(Data listing Opens)
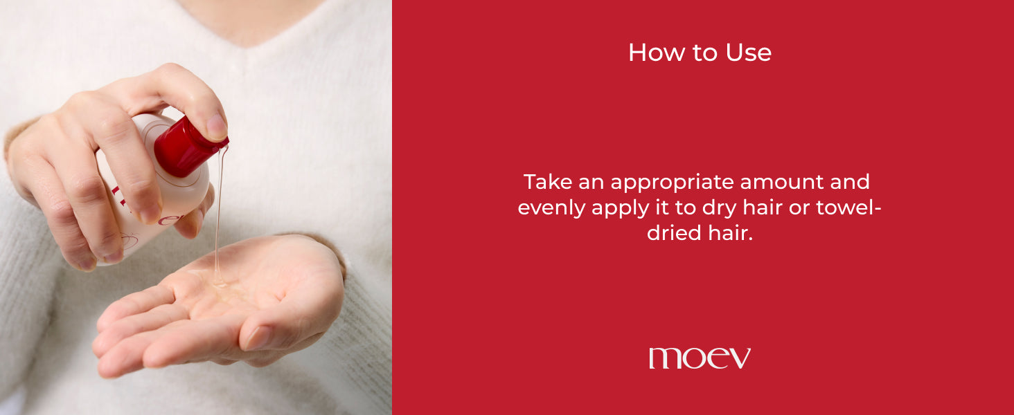 خذي كمية مناسبة ووزعيها بالتساوي على الشعر الجاف أو الشعر المُجفف بالمنشفة
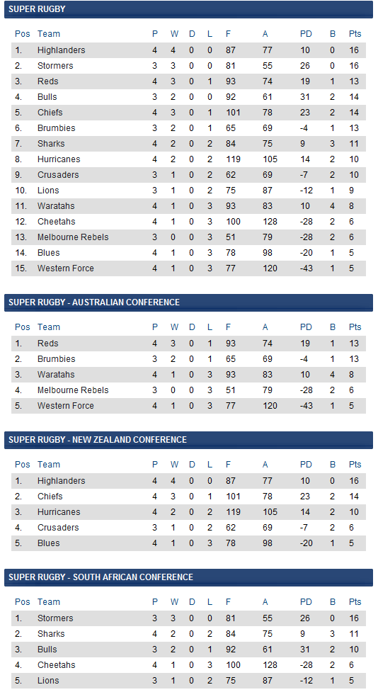 Super Rugby. tutti i risultati del quarto turno e le classifiche
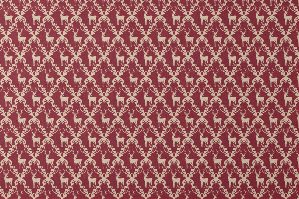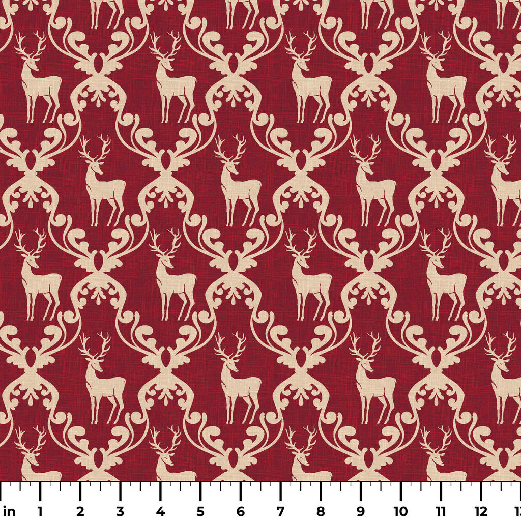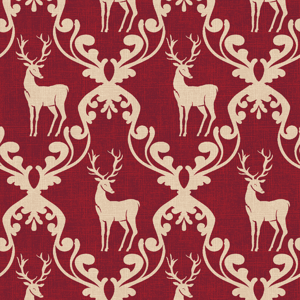 Elegant stag and damask pattern in red and cream creates a traditional holiday woodland aesthetic for home decor or upholstery. Perfect for heritage-inspired lodge or cabin styling for the winter season.
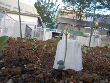 3まいめの しゃしんは、エダマメの なえの 大きさを、白いポットの 大きさと くらべてみました。
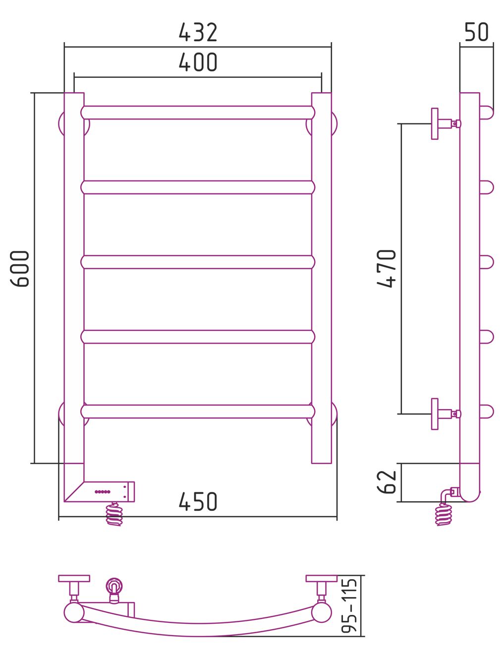 Полотенцесушитель электрический Сунержа Галант 2.0 600х400 МЭМ левый
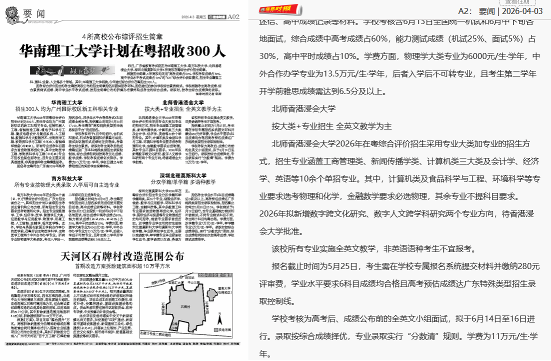 昨日,广东省教育考试院发布华南理工大学、南方科技大学、北师香港浸会大学、深圳北理莫斯科大学4所高校在粤综合评价招生简章。
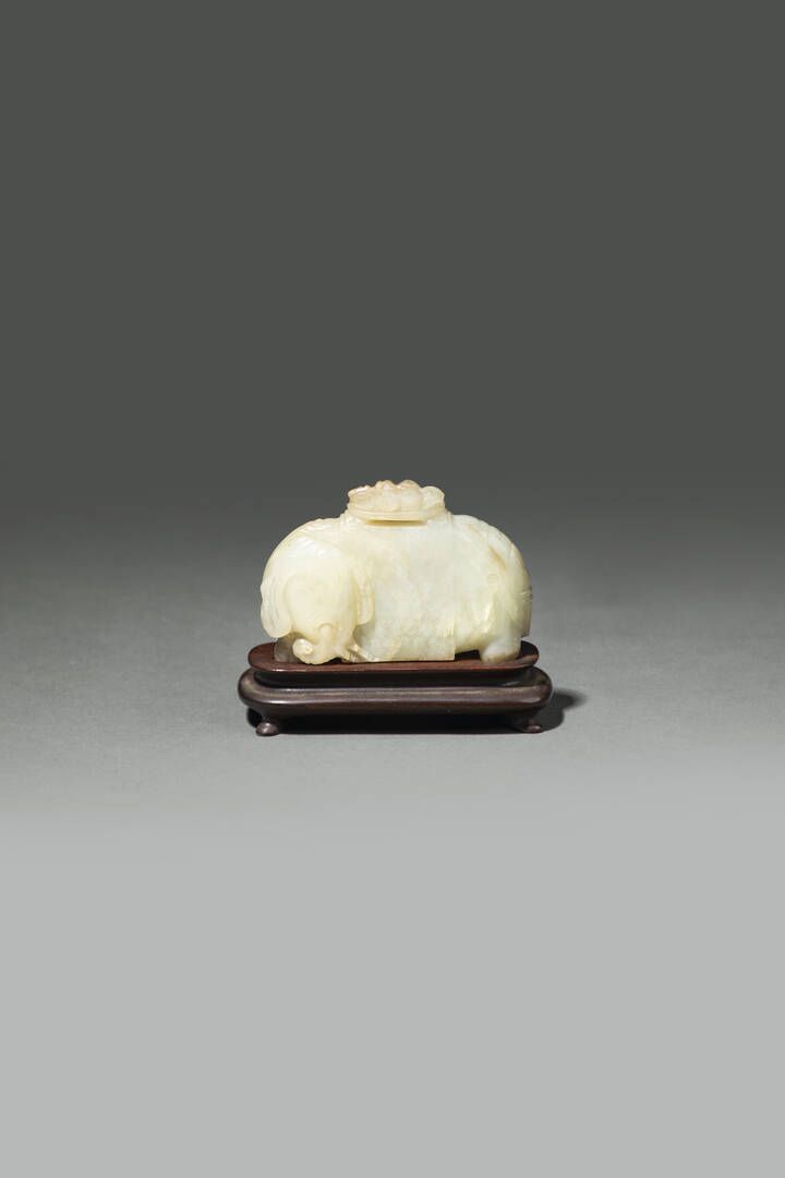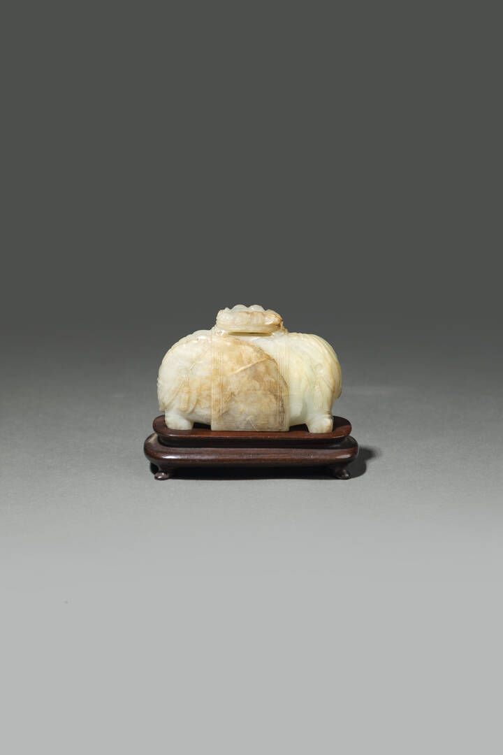 Intaglio in giada bianca con russet raffigurante elefante sulla schiena una coperta drappeggiata CIna dinastia Ming XVII sec H cm 6x9
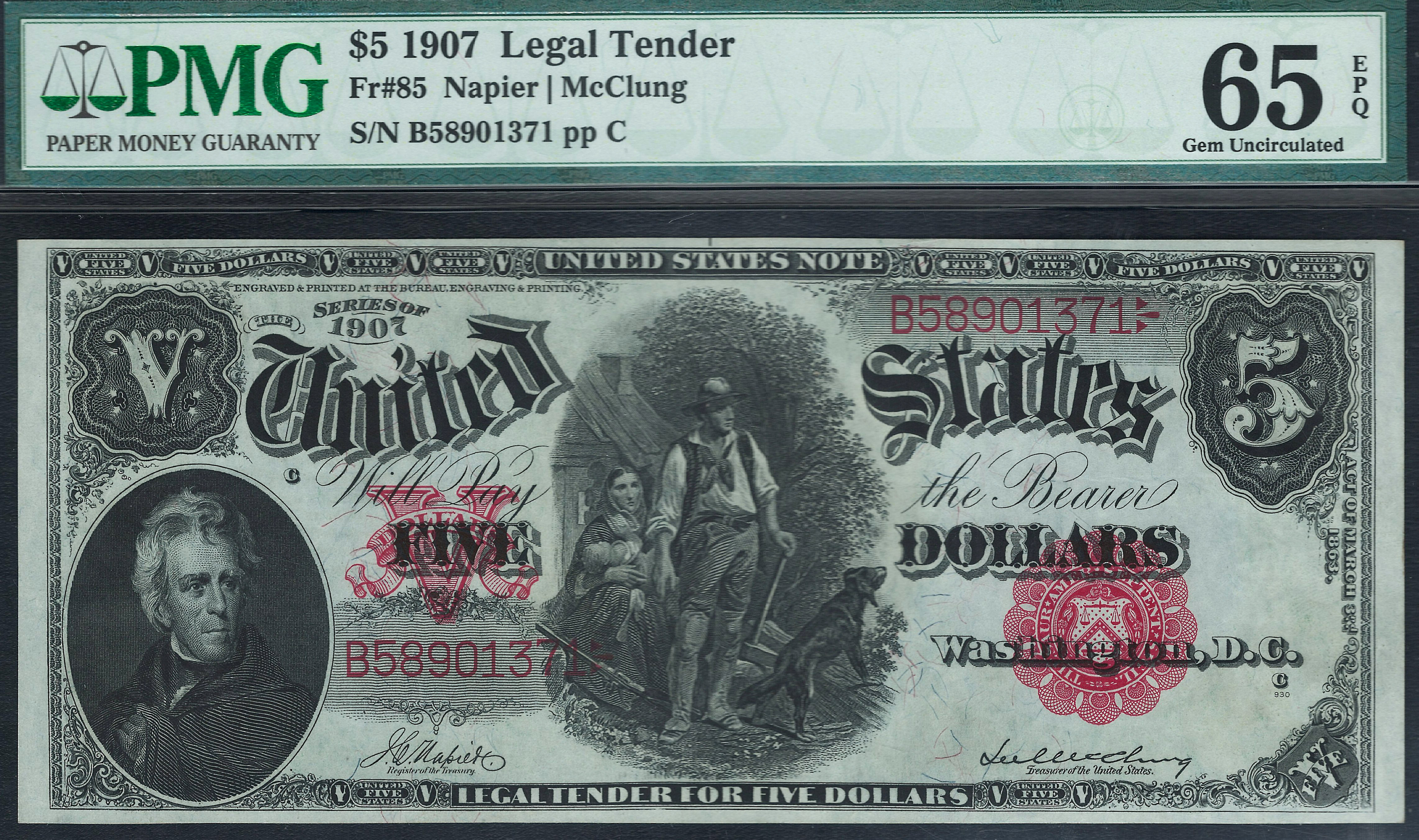 Fr.-85 1907 $5 Legal Tender Ser. B58901371 PMG 65 EPQ
(Data listing Closes)
> _Exercise instructions_
Repeat exactly the lines above, beginning at the one containing "Super Rugby. tutti" and ending at the one containing "Полотенцесушитель электрический Сунержа". Do not carry over any pictures.

> _Written reply_
 Super Rugby. tutti i risultati del quarto turno e le classifiche
 Elegant stag and damask pattern in red and cream creates a traditional holiday woodland aesthetic for home decor or upholstery. Perfect for heritage-inspired lodge or cabin styling for the winter season.
 3まいめの しゃしんは、エダマメの なえの 大きさを、白いポットの 大きさと くらべてみました。
 Полотенцесушитель электрический Сунержа Галант 2.0 600х400 МЭМ левый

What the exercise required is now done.